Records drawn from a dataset
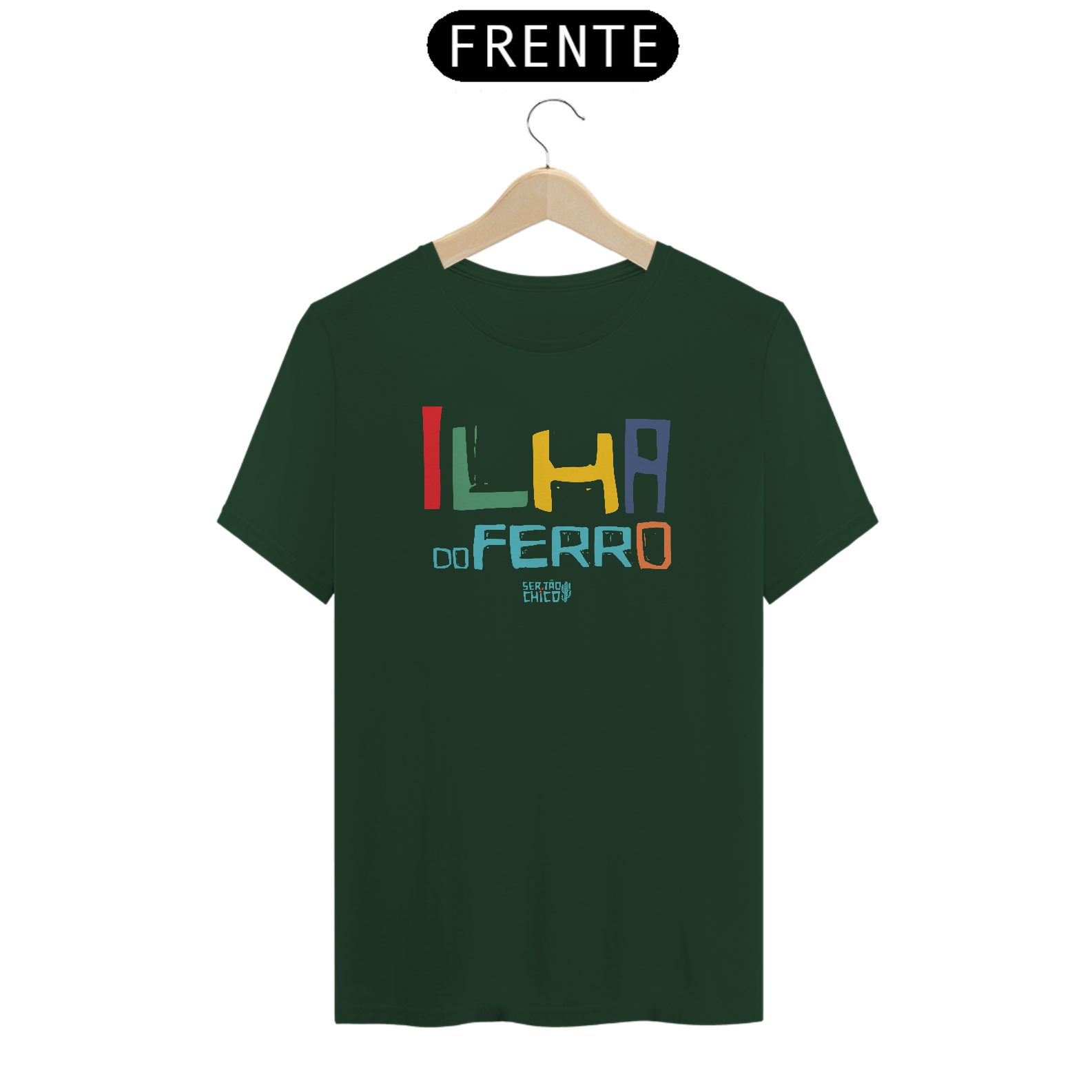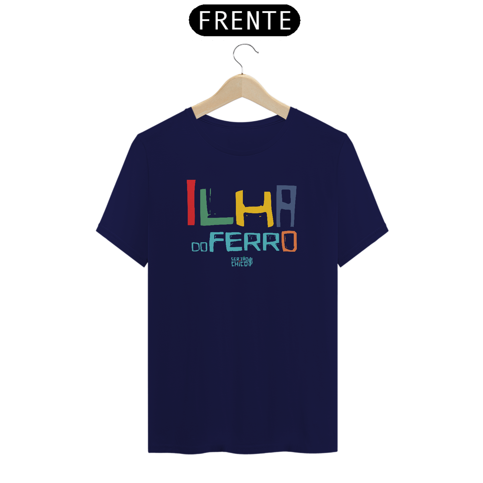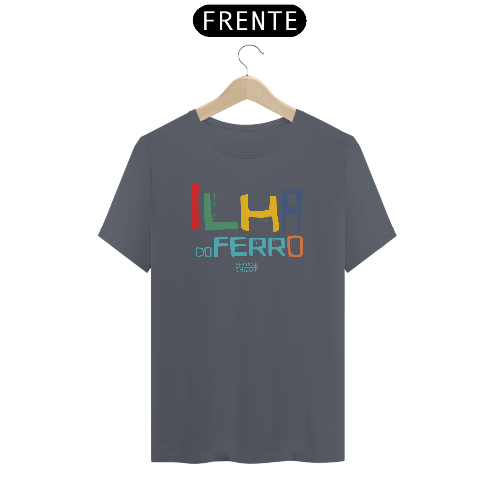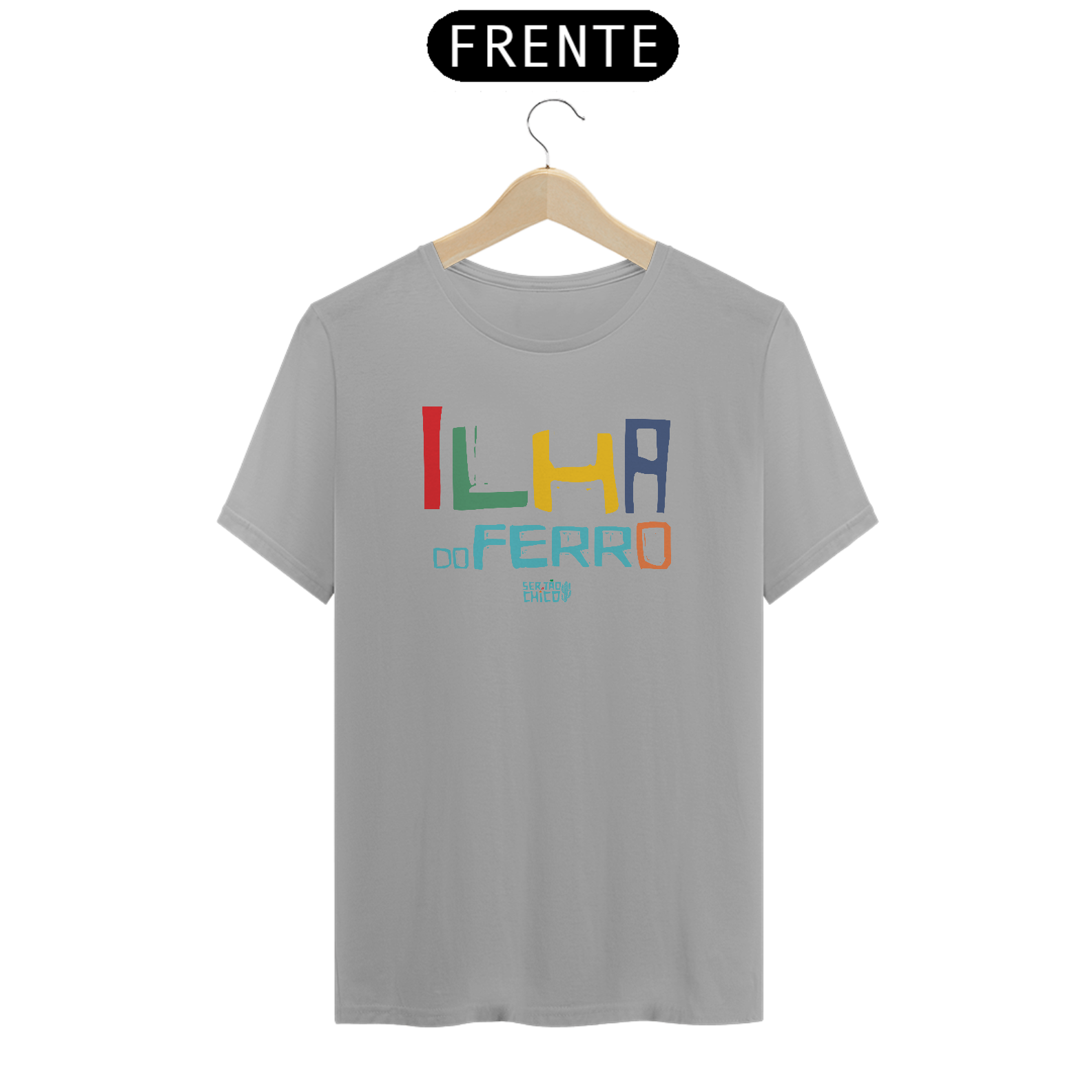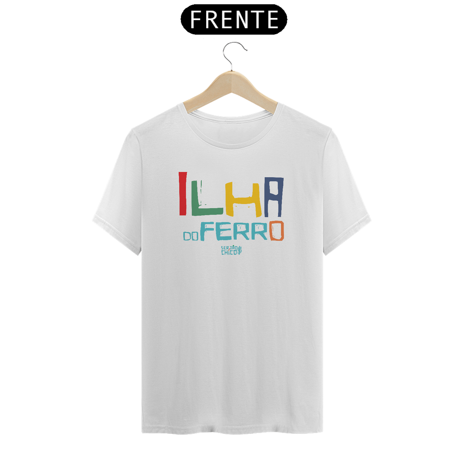 Camiseta em Malha 100% algodão com estampa "ILHA DO FERRO LETRAS COLORIAS"
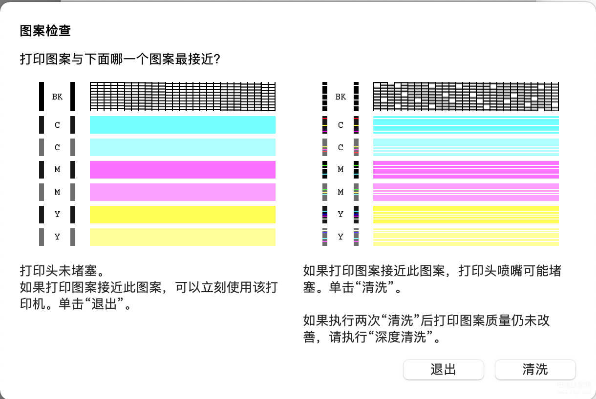 当打印测试打印页时出现右方以下情况时,需要清洗打印头,排除故障。
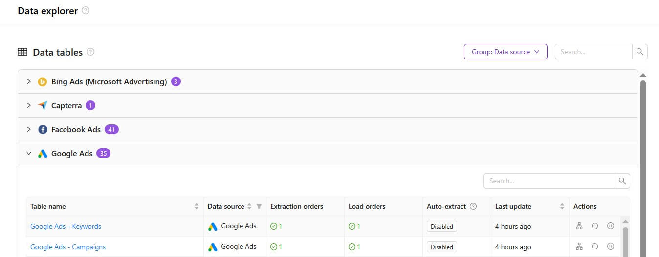 Data tables, connections, and destinations can now be grouped by their source or destination, making large sets of items easier to navigate and manage.
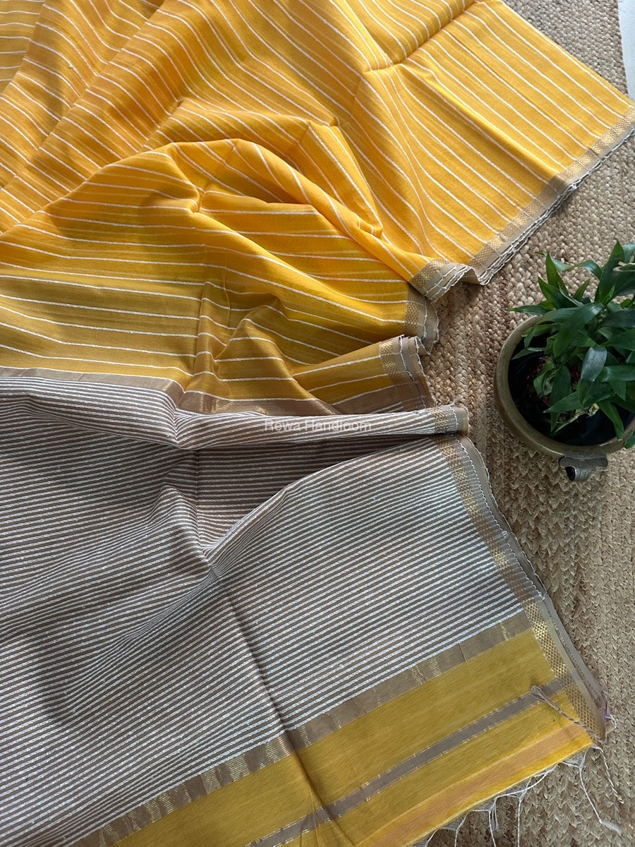 Maheshwari Mango Yellow Gichha Thread Lining Saree GTLS049
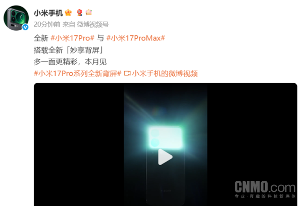 9月16日,CNMO注意到,小米手机官方宣布,小米17 Pro与小米17 Pro Max搭载全新妙享背屏,将于本月亮相。
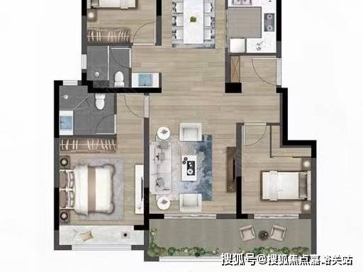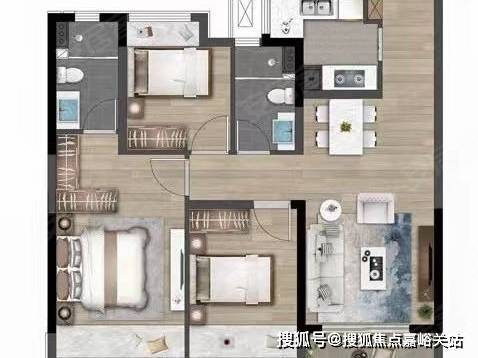97㎡三房:优点是双卫、套房、功能全、采光佳;缺点是相比两房总价略高,适合刚改家庭。
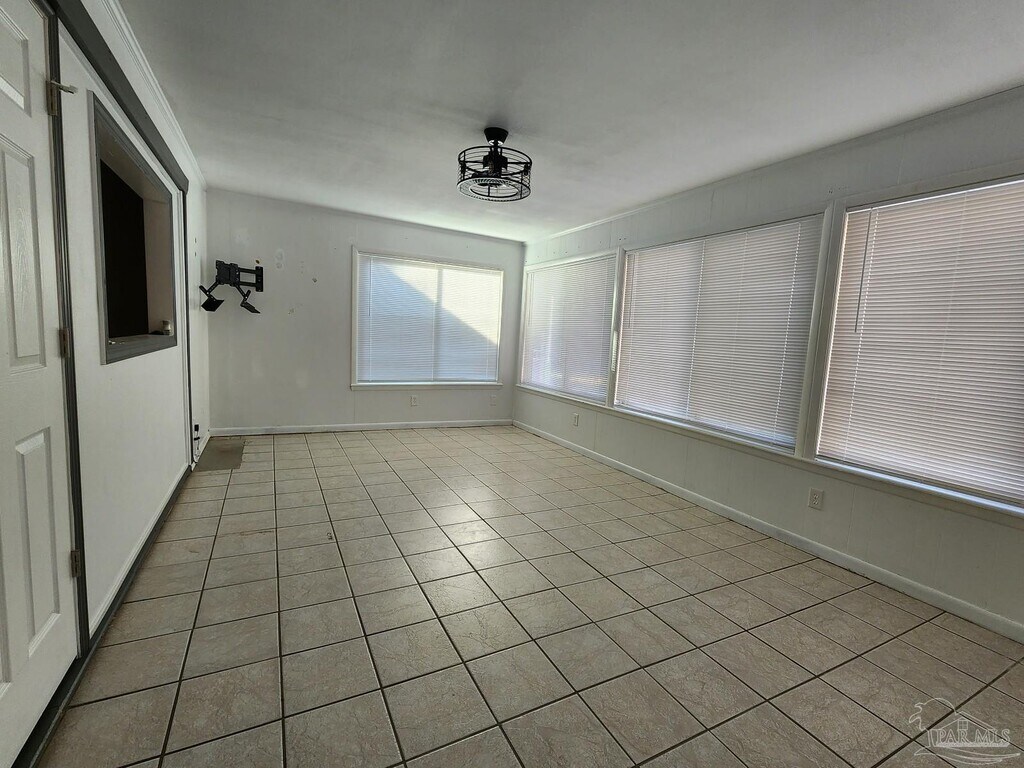 Located in Perdido Bay Country Club Estates,this 3-bedroom,2-bath home at 5140 Choctaw Ave offers generous living space,flexible rooms,and a convenient location near NAS Pensacola and Perdido Key. The interior features durable flooring throughout the main living areas and a spacious layout with multiple gathering spaces. A large family room serves as the central hub of the home and flows into an enclosed sunroom,providing additional space for relaxing,working from home,or entertaining. The kitchen has been updated with modern cabinetry,stainless steel appliances,ample counter space,and a functional layout that opens to the adjacent living and dining areas. Both bathrooms feature updated finishes and walk-in showers. The primary bedroom includes a private sitting area that connects to a screened patio,creating a quiet retreat separate from the main living spaces. Secondary bedrooms offer comfortable proportions and flexibility for guests,home office use,or additional living needs. Outside,the fully fenced backyard provides plenty of room for outdoor activities,pets,or entertaining. Additional features include covered outdoor spaces,ample storage,and off-street parking. Conveniently located close to NAS Pensacola,shopping,dining,and the beaches of Perdido Key,this home offers space,functionality,and location in an established Pensacola neighborhood. Pets allowed with owner approval. Apply online. $75 Application fee per adult,half off for active-duty military. Subject to credit check,background check,employment verification,and rental verification. CERTIFIED Funds!
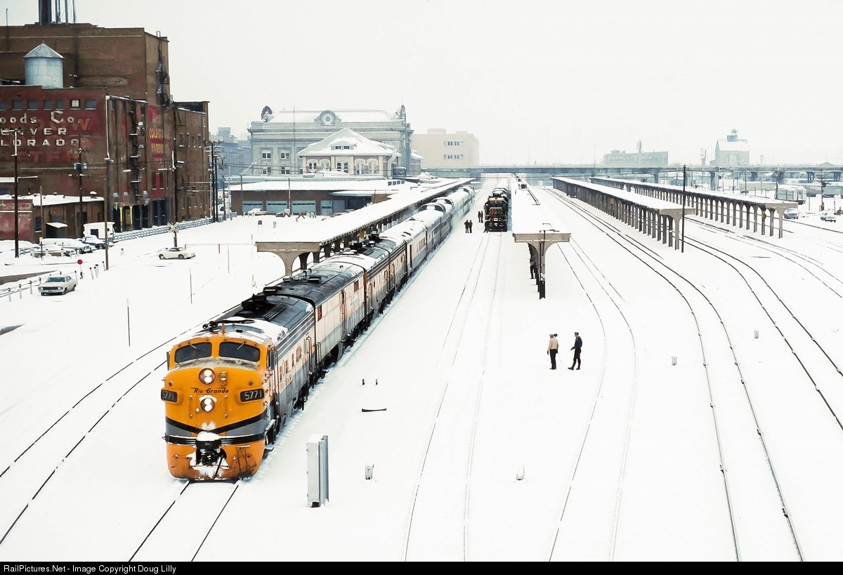 The Rio Grande Zephyr begins its 570-mile westward journey to Salt Lake City promptly at 7:30 on March 19, 1983. Waiting to board on the adjacent track is the Rio Grande Ski Train.
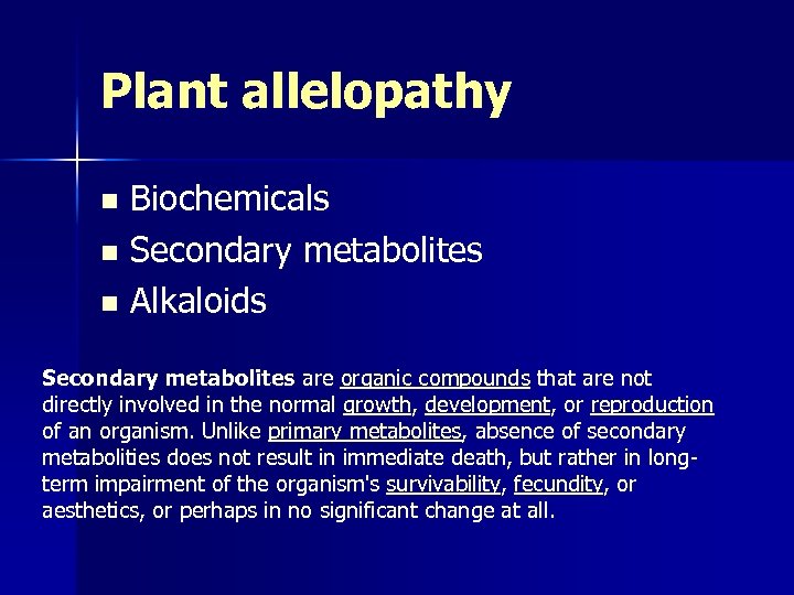 Plant allelopathy Biochemicals n Secondary metabolites n Alkaloids n Secondary metabolites are organic compounds that are not directly involved in the normal growth, development, or reproduction of an organism. Unlike primary metabolites, absence of secondary metabolities does not result in immediate death, but rather in longterm impairment of the organism's survivability, fecundity, or aesthetics, or perhaps in no significant change at all.
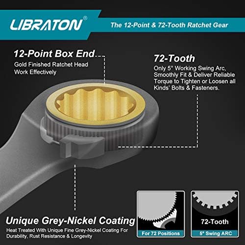 【Einzigartige Nickelbeschichtung】Die Schraubenschlüssel sind mit einer einzigartigen feinen Grau-Nickel-Beschichtung für Haltbarkeit, Rostbeständigkeit und Langlebigkeit wärmebehandelt. Das 12-Punkt- und 72-Zahn-Ratschengetriebe ist goldfarben und benötigen nur einen 5-Grad-Arbeitsschwenkbogen, passen reibungslos und liefern ein zuverlässiges Drehmoment, um die Schrauben und Befestigungselemente aller Art festzuziehen oder zu lösen.
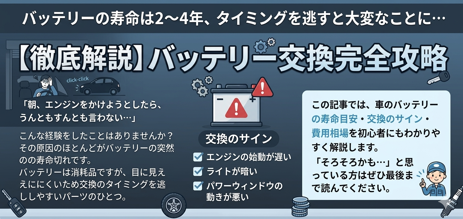 この記事では、車のバッテリーの寿命目安・交換のサイン・費用相場を初心者にもわかりやすく解説します。「そろそろかも…」と思っている方はぜひ最後まで読んでください。
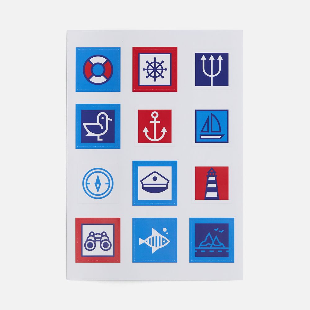 В каждой части общего рисунка изображены главные символы, связанные с морской отраслью -
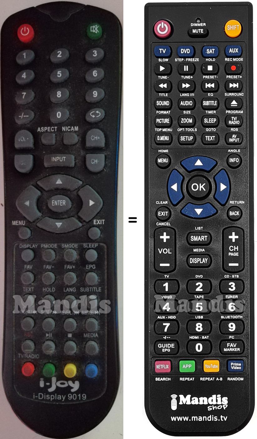 This remote control fully replaces your I-DISPLAY9019 and offers all the functions of the original.

*Problem details*. From the records above, copy exactly the stretch from the line holding "Data tables, connections, and" through the line holding "97㎡三房:优点是双卫、套房", both ends included, without the pictures.

*Task response*.
 Data tables, connections, and destinations can now be grouped by their source or destination, making large sets of items easier to navigate and manage.
 Maheshwari Mango Yellow Gichha Thread Lining Saree GTLS049
 9月16日,CNMO注意到,小米手机官方宣布,小米17 Pro与小米17 Pro Max搭载全新妙享背屏,将于本月亮相。
97㎡三房:优点是双卫、套房、功能全、采光佳;缺点是相比两房总价略高,适合刚改家庭。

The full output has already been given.